ABOUT THIS EXERCISE
Copy the listing verbatim, excluding any images found in it.

AVAILABLE DATA
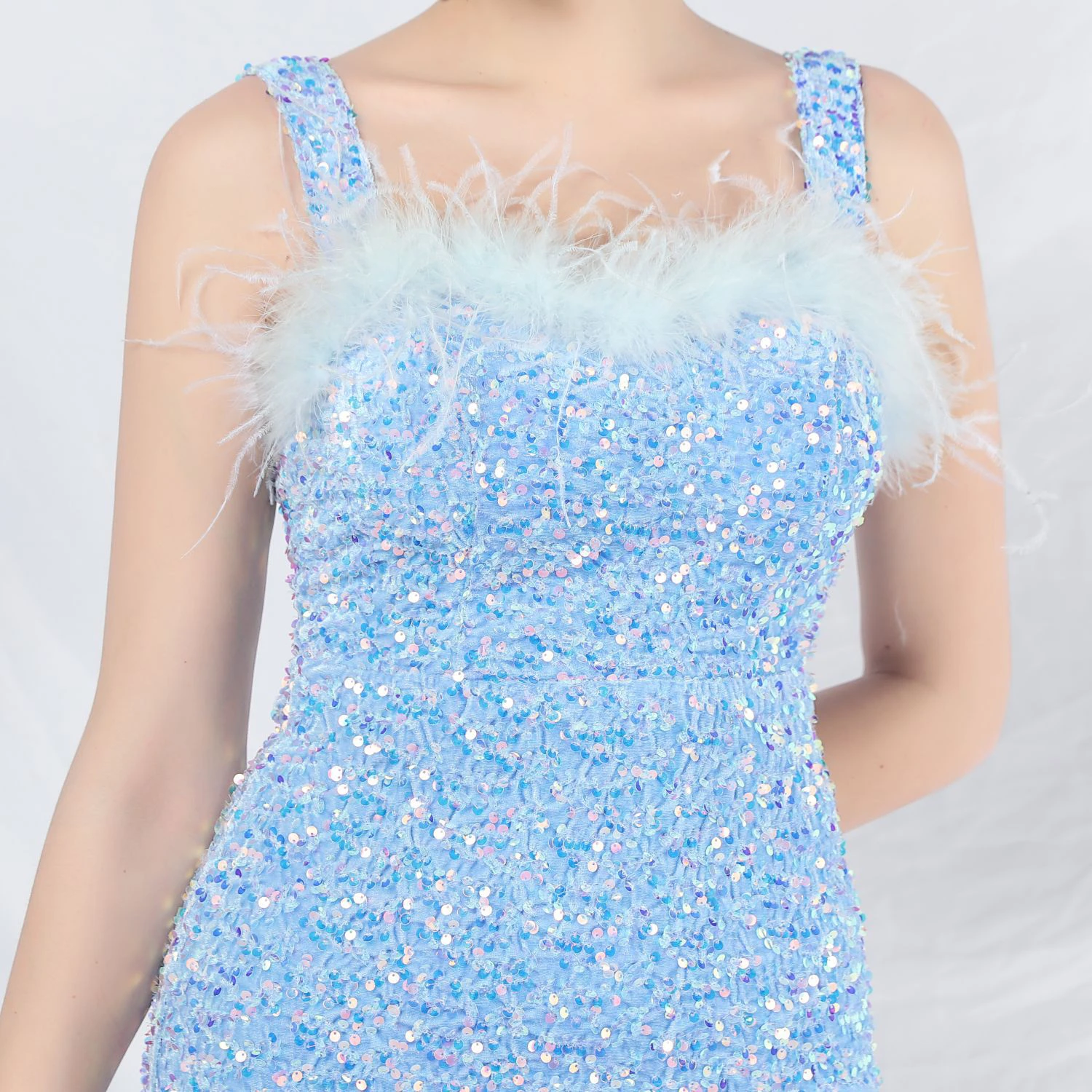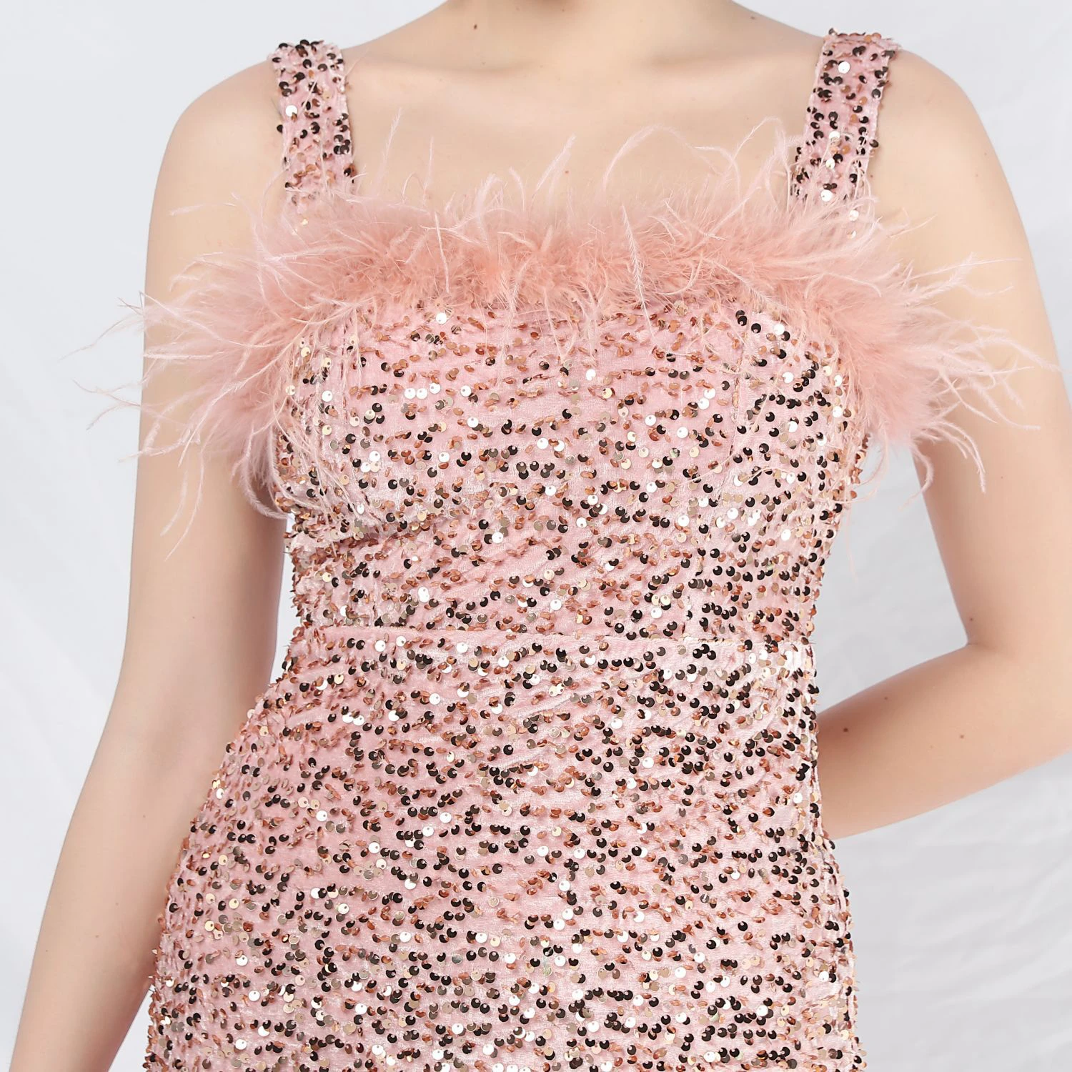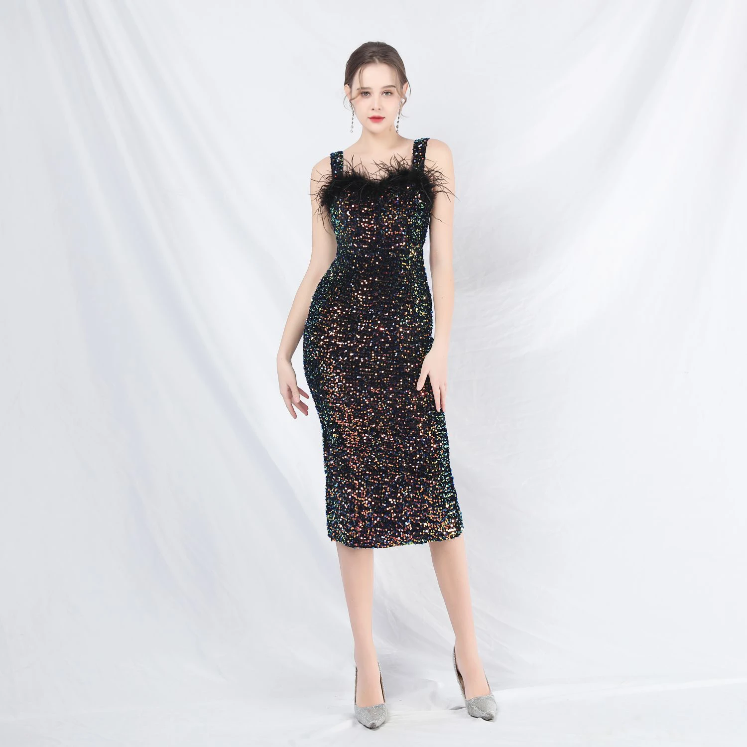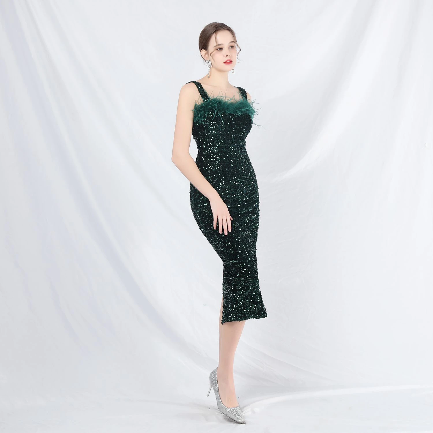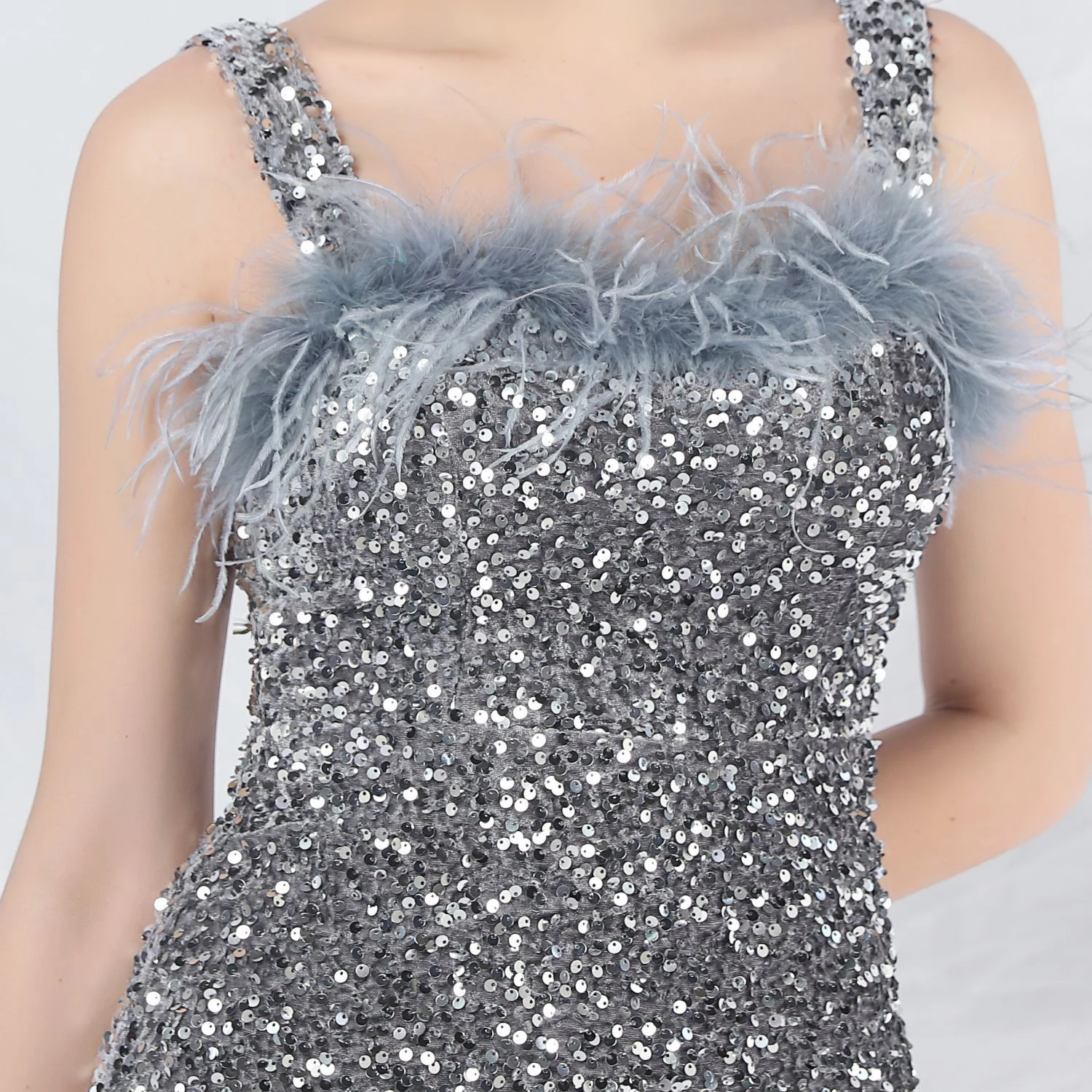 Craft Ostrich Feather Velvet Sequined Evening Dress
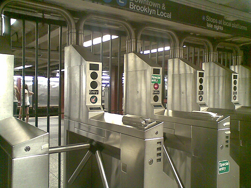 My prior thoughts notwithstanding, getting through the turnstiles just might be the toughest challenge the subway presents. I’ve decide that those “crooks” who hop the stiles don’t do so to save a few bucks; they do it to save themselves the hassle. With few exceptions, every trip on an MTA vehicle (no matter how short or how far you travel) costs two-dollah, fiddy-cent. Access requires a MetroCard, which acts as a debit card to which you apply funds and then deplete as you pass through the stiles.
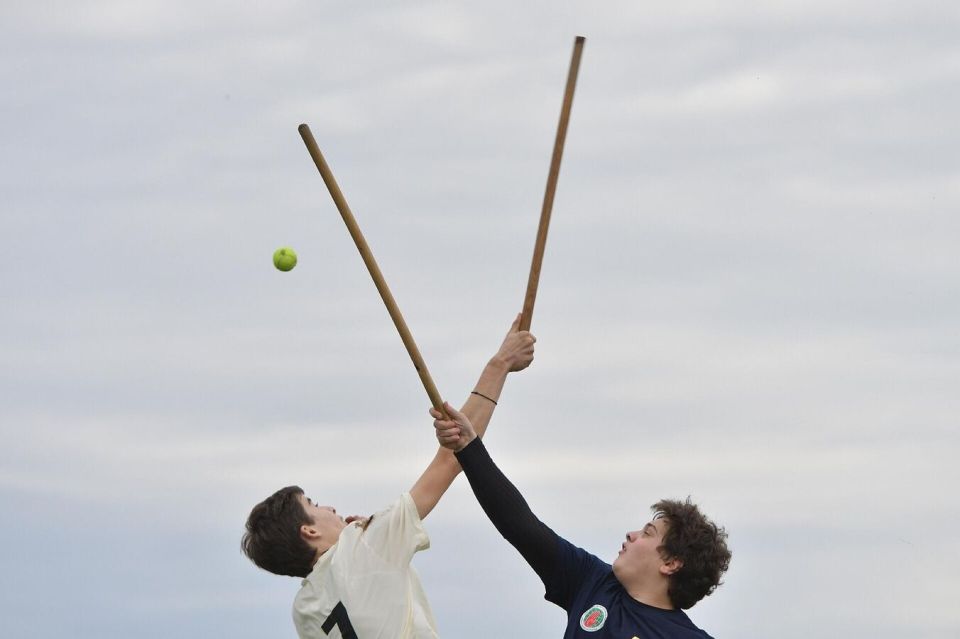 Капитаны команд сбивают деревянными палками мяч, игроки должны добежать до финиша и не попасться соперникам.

REPLY TO THE TASK
 Craft Ostrich Feather Velvet Sequined Evening Dress
 My prior thoughts notwithstanding, getting through the turnstiles just might be the toughest challenge the subway presents. I’ve decide that those “crooks” who hop the stiles don’t do so to save a few bucks; they do it to save themselves the hassle. With few exceptions, every trip on an MTA vehicle (no matter how short or how far you travel) costs two-dollah, fiddy-cent. Access requires a MetroCard, which acts as a debit card to which you apply funds and then deplete as you pass through the stiles.
 Капитаны команд сбивают деревянными палками мяч, игроки должны добежать до финиша и не попасться соперникам.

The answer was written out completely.